_Work item:_ Everything in the listing below must be set down again exactly, apart from the pictures.

_Entries supplied:_
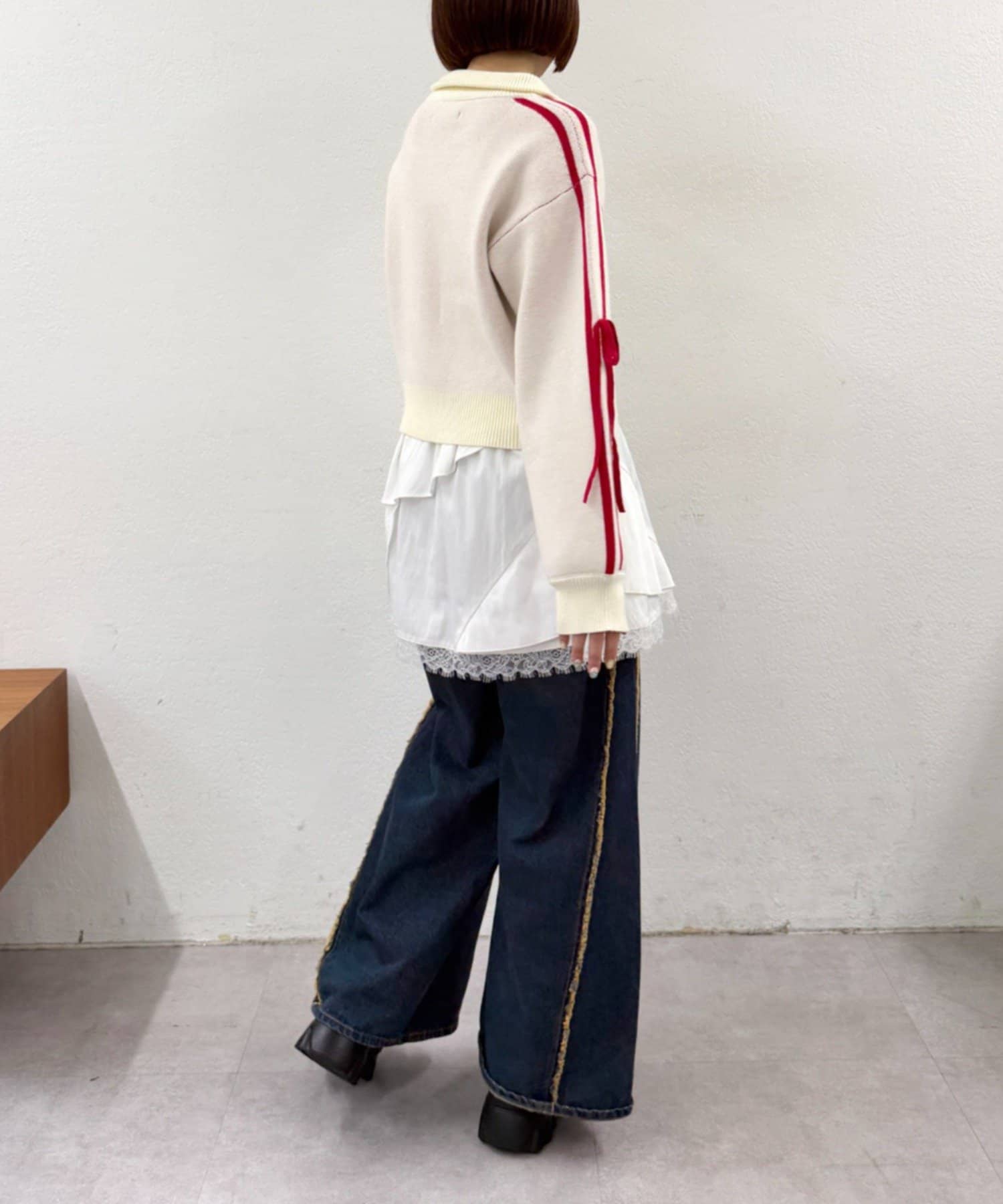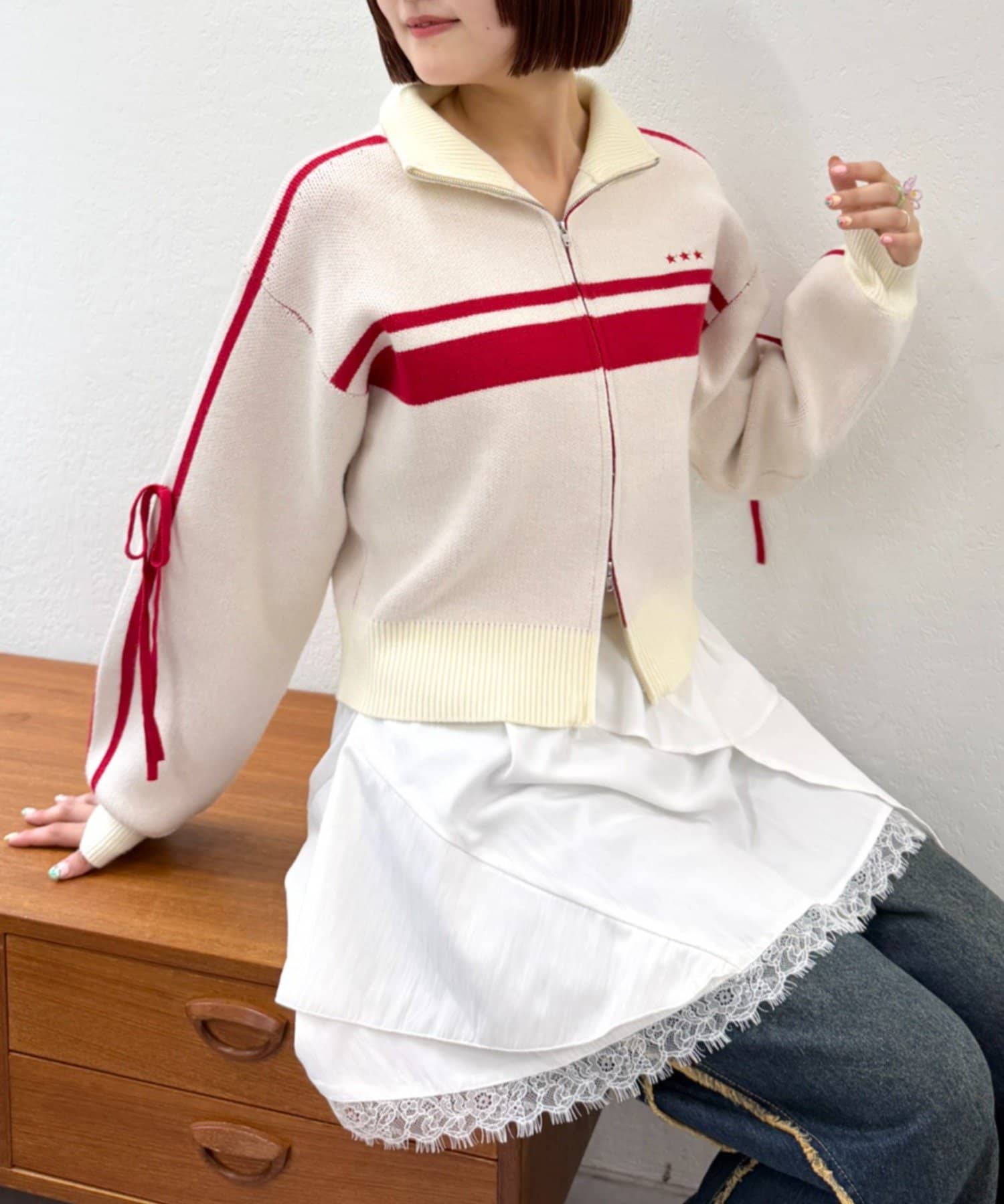TOP > w closet > レディース > ジャケット/アウター > その他ジャケット/ブルゾン > ラインニットZIPブルゾン
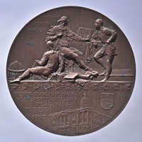 alatta az Egyetemi Könyvtár épülete, jobbra címer: könyvet tartó kéz felett hármas halmon kereszt.
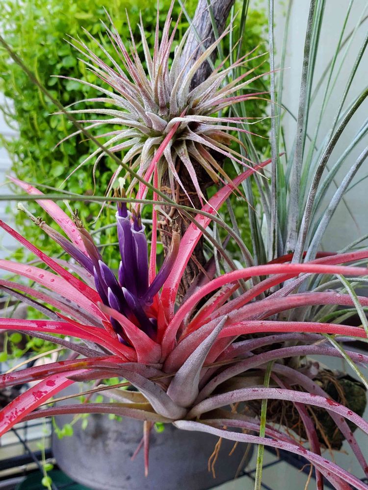 エアプランツが紅葉して咲いたのは初めてです😆みるみる真っ赤になって紫の部分が出てきました❗
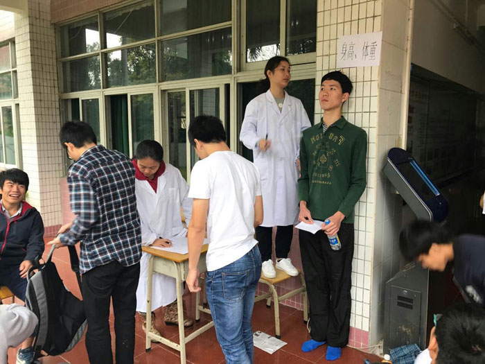 体检地点分三个区域,一号教学楼9间课室、羽毛球馆及学生第一食堂前门。体检项目主要有:男女内科、外科检查,身高、体重测量,抽血,视力,辨色力,血压及胸部X光透视。体检采用班级分批轮候的方法,没轮到的班级则按照课程表正常上课。
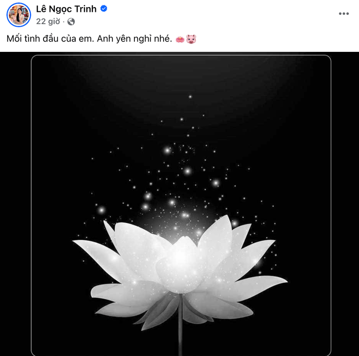 Mới đây, trên trang cá nhân, diễn viên Ngọc Trinh đã bất ngờ thông báo tin buồn khi bạn trai cũ, cũng là mối tình đầu của nữ diễn viên qua:doi. Ngọc Trinh chia sẻ ảnh hoa sen trắng đen, kèm theo dòng trạng thái đầy xót xa: "Mối tình đầu của em. Anh yên nghỉ nhé".
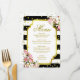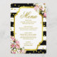 This modern and sophisticated Black and White Stripes, Roses and Gold Confetti dinner menu can be customised. You can change the font and colours of most of the text. Designed by Amelia Carrie and sold exclusively through zazzle.com/GlitterInvitations Note: This is a graphic print reproduction of artwork and contains no messy glitter.
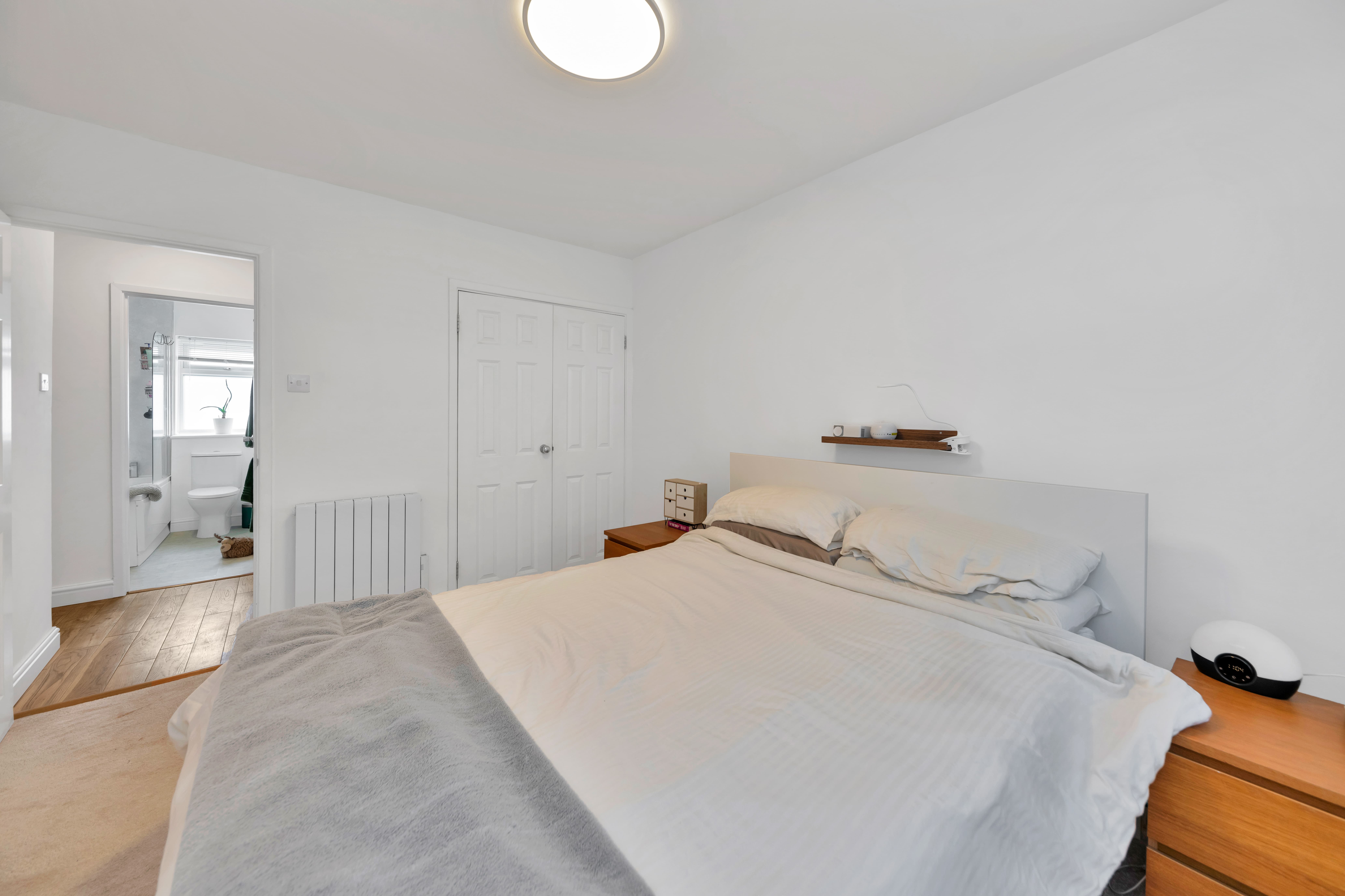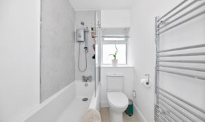 Through to the sleeping quarters, this lovely home continues to offer impressive accommodation, with 2 well-proportioned bedrooms, excellent integrated storage, and a family bathroom comprising a bath with an overhead shower, a heated towel rail, a WC and a hand wash basin.

_Finished task:_
TOP > w closet > レディース > ジャケット/アウター > その他ジャケット/ブルゾン > ラインニットZIPブルゾン
 alatta az Egyetemi Könyvtár épülete, jobbra címer: könyvet tartó kéz felett hármas halmon kereszt.
 エアプランツが紅葉して咲いたのは初めてです😆みるみる真っ赤になって紫の部分が出てきました❗
 体检地点分三个区域,一号教学楼9间课室、羽毛球馆及学生第一食堂前门。体检项目主要有:男女内科、外科检查,身高、体重测量,抽血,视力,辨色力,血压及胸部X光透视。体检采用班级分批轮候的方法,没轮到的班级则按照课程表正常上课。
 Mới đây, trên trang cá nhân, diễn viên Ngọc Trinh đã bất ngờ thông báo tin buồn khi bạn trai cũ, cũng là mối tình đầu của nữ diễn viên qua:doi. Ngọc Trinh chia sẻ ảnh hoa sen trắng đen, kèm theo dòng trạng thái đầy xót xa: "Mối tình đầu của em. Anh yên nghỉ nhé".
 This modern and sophisticated Black and White Stripes, Roses and Gold Confetti dinner menu can be customised. You can change the font and colours of most of the text. Designed by Amelia Carrie and sold exclusively through zazzle.com/GlitterInvitations Note: This is a graphic print reproduction of artwork and contains no messy glitter.
 Through to the sleeping quarters, this lovely home continues to offer impressive accommodation, with 2 well-proportioned bedrooms, excellent integrated storage, and a family bathroom comprising a bath with an overhead shower, a heated towel rail, a WC and a hand wash basin.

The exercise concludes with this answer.